Бергер отер воспаленные глаза.
– Пойду в обучение к какому-нибудь аптекарю. Попробую, может что и получится. А оперировать – с такими руками? – Руки его, спрятанные под курткой, которую он на себя набросил, непроизвольно сжались в кулаки. – Куда там. Нет, стану аптекарем. А ты?
– Моя жена подала на развод, потому что я еврей.
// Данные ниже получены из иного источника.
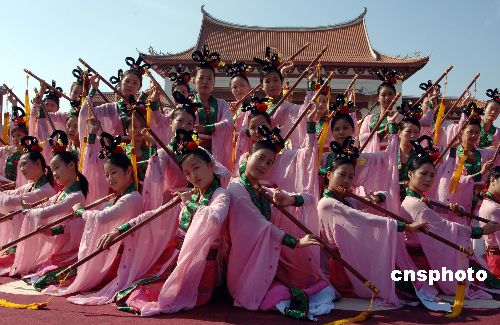 十一月一日,纪念妈祖诞辰1045周年活动在福建莆田湄洲岛隆重举行。图为妈祖祭祀大典中古香古色的乐舞表演。作者:王东明

Я ничего о ней не знаю.
– Уж не собираешься ли ты ее разыскивать? – возмутился Майерхоф.
Розен замялся.
– А вдруг ее вынудили? И что ей еще оставалось делать? Я ей сам советовал.
– Может, она за это время такой страхолюдиной стала, что тебе и горевать не придется, – утешил его Лебенталь. – Еще радоваться будешь, что избавился.
– Да ведь и мы не помолодели.
– Да уж. Девять лет. – Зульцбахер закашлялся. – Интересно, что чувствуешь, когда видишь человека после стольких лет?
– Радуйся, если будет кого увидеть.
– После стольких лет, – повторил Зульцбахер. – Небось и не узнать друг друга.